HOW DO I...NOT BE RACIST? AS A WRITER? AS A PERSON?

Dear Bear,

I’m a grad student attending a university on the east coast, and I am… struggling with my faith in social justice and liberalism in general, just because the things I see people doing don’t line up with what they say they’re about. I think that some of it is the shock of returning to school during the Trump era, when people are naturally on edge and pessimistic. It might also be the school itself, which is a blue dot in the middle of a purple state. Most of the students are white, and straight and so I think for queer people and minorities, it feels like the university says a lot about tolerance and inclusion, but the culture here is not that welcoming (I’ve felt that myself) Maybe I’m just getting old and in shock about changes in campus culture. And I might just be projecting. But I feel like there’s a general air of hypocrisy, blame, intolerance, constant criticism of everything and an inability to accept criticism themselves. Overall, it just seems like there’s a tendency to invert the social hierarchy that’s suffocating us, rather than subverting it, and it seems like less and less like what people are describing lines up with reality I’ve experienced. It’s really hard for me to pinpoint - and I can’t tell if it’s all in my head, or if I’m doing the nitpicking I’m accusing other people of. 

I’ve been troubled for a while, but it came to a head when I showed some of my writing in class, which features an asian protagonist. I was basically told by one undergraduate that it was a ‘racist portrayal.’ She’s based on a couple of friends of mine, and while I have heard arguments against writing white people writing people of color, I’ve also heard a lot of people of color arguing against that argument. My nonwhite friends told me to go for it and my advisor (who’s half asian) seemed to have no problem with the story thus far. The publishing industry is still hella white, and I wanted to do my part in at least helping diversify fiction.
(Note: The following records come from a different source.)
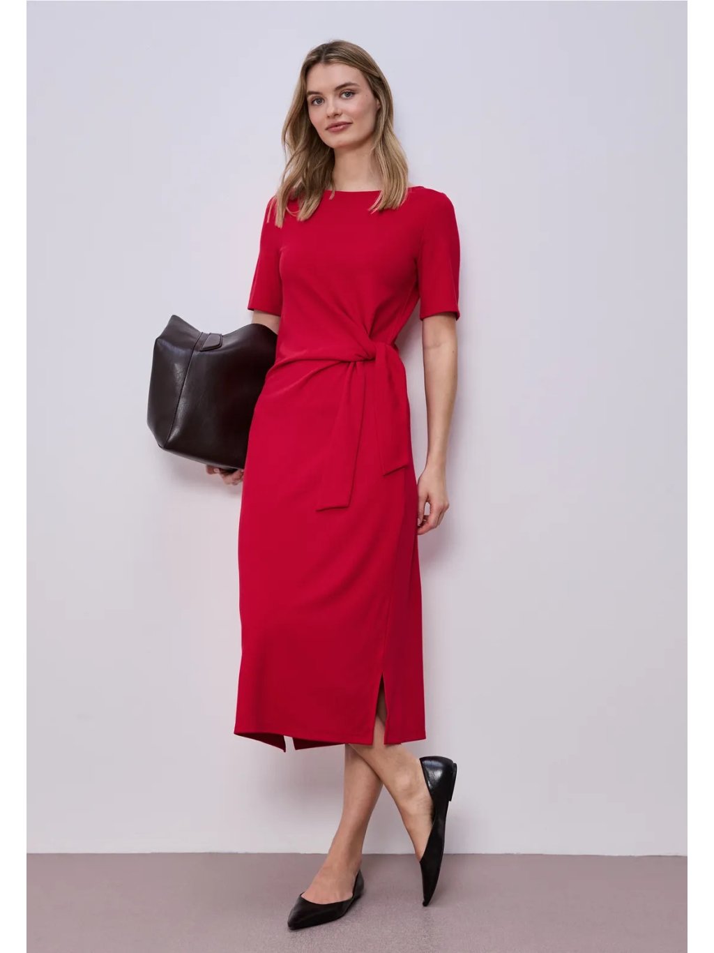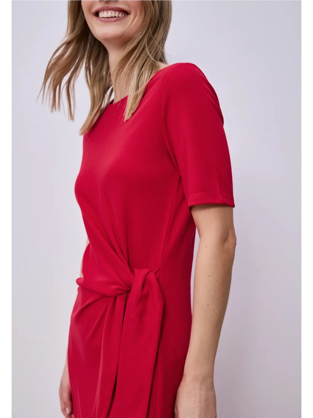 Dámské jerseykleid Street One je pohodlné midi šaty s měkce splývavou siluetou, které využijete na každý den i na upravenější příležitosti. Kulatý výstřih a krátké rukávy působí čistě a nadčasově, zatímco zavazování v pase vytváří ženské zvýraznění postavy a dodává modelu moderní detail. Příjemný jersey materiál se pohodlně nosí a krásně drží tvar. Skvělé k teniskám pro casual look i k balerínám či sandálům pro elegantnější styling.
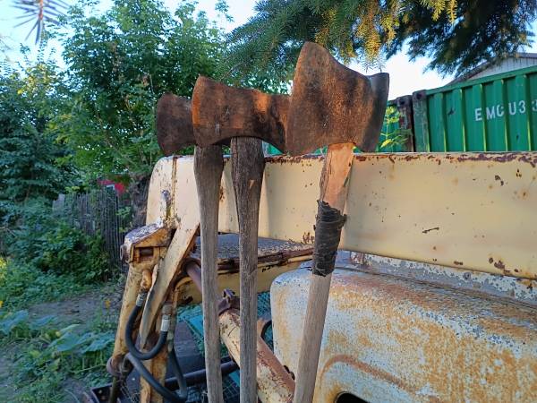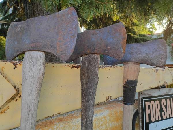 I have three double bladed axes all are old at least one is real old can't find any markings yet still Rusty unrestored asking $35 your choice located in Grand forks 701-739-32 34.
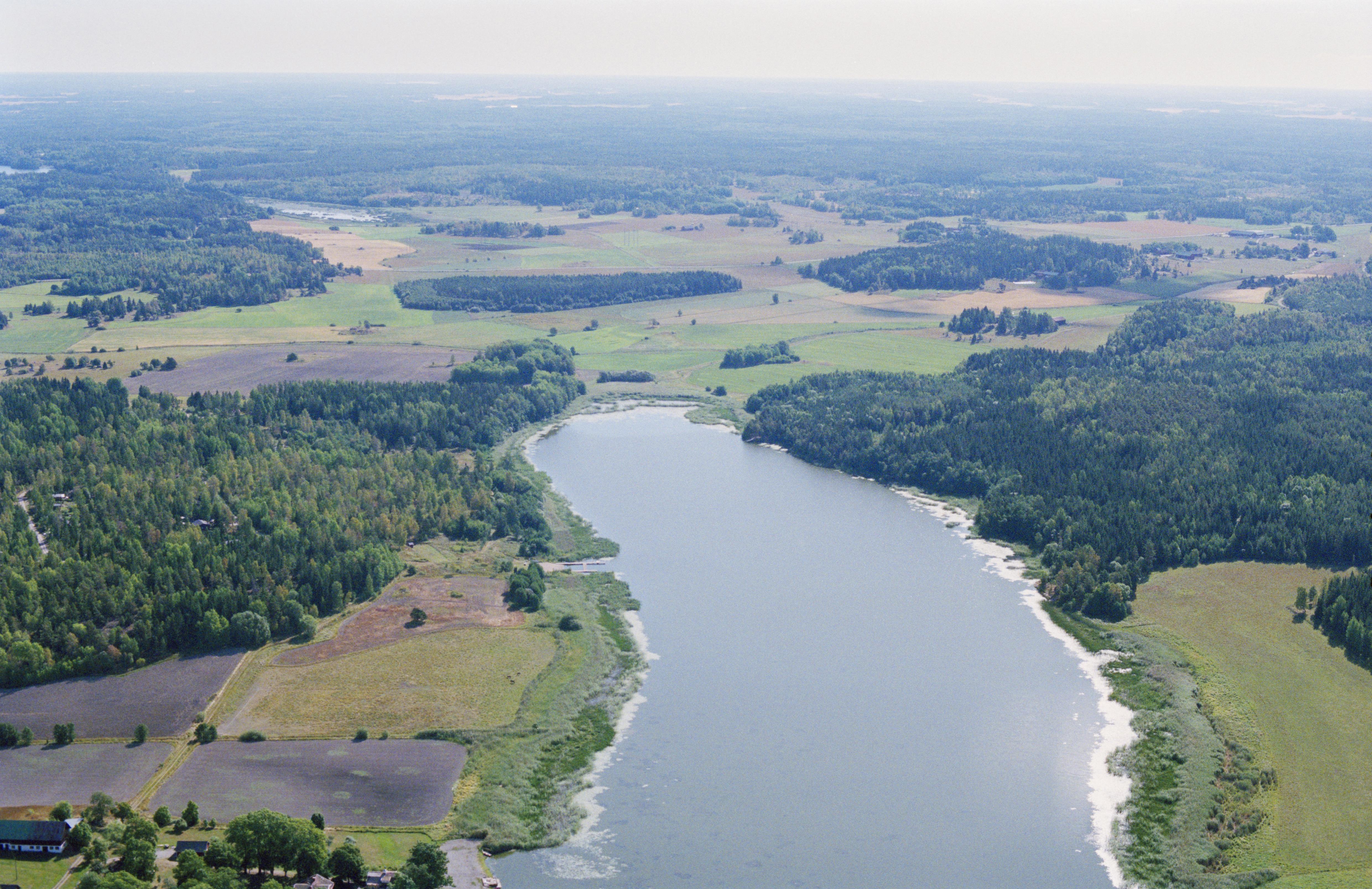 Beskrivning: Östra änden av Ryssjön mot Norra Åloppe i Nysätra socken. Området Alvassen över bildens mitt. I bildens mitt och övre del boplats RAÄnr Österunda 46:1 och 47:1. Bilden är tagen mot (väderstreck): OSO

As far as I can tell, the only reason they thought is that I’m white and she’s asian (they didn’t get to see much.) This student has also called out a lot of things, including one character who he identified as a racist Asian stereotype who’s actually a racist Irish sterotype (it’s moot point I suppose- that particular 19th century work has plenty of racism to go around.)

I’ve thought long and hard, and I can’t think of a worse thing I can be called than’ racist’ and having my work called that is no better. it’s like a gunshot wound to the chest- it literally hurts. And I don’t know what to say to them. I don’t feel like I can go against their worldview, having never lived it myself. 

I have a lot more sympathy with all those religious people questioning their faith now. This is one of the worst things I have ever felt- worse than breaking up with a partner. My heart literally hurts, and I don’t think there’s any good answer. Either there is something horrible, horribly wrong with me, or there is something wrong with something I thought was right (at least here). Either way, I feel very very alone. 

• • •

Dear Brave Correspondent,

I am going to work on answering this question, as a white person and as a writer (and also as a queer and transgender person who is regularly aggravated by straight and cisgender people’s portrayals of my community, as you mention) and then at the end I am going to recommend some work by Black, Indigenous and People of Color for reading and education beyond what I can offer as a white person. But I’m making a decision here that helping a fellow white writer find their way to right action is part of my responsibility as a white person who wants to work toward a just world.

The first thing I want to say is that, honestly, we live in a racist world and we’ve all been inculcated and trained in a racist system. Brave Correspondent, that system trains all of us toward white supremacy – and heteronormativity, and misogyny, and ableism, and all the other stations on the Kyriarchy Express. Which means that the racism (and all the rest of it, but you asked about racism so we’ll focus there) is baked right in to all of us, and learning to be in resistance to it is work. Kyriarchy is a swift and unforgiving current that we have to paddle against every day. It rushed toward us in popular culture and media, in systems of government and education and policing, and it doesn’t remotely require a racist intention for a person to do racist or other oppressive things. It just requires that you pause in paddling as hard as you can even for a minute. What’s worse is that sometimes we, I, any of us have been paddling to the best of our ability and we still manage to mess up. My friend and colleague Angel Adeyoha once said to me, quite matter-of-factly, that the question for her isn’t whether a white person is going to do or say something racist, but when. In the words of Madge from the Palmolive commercials, we’re soaking in it.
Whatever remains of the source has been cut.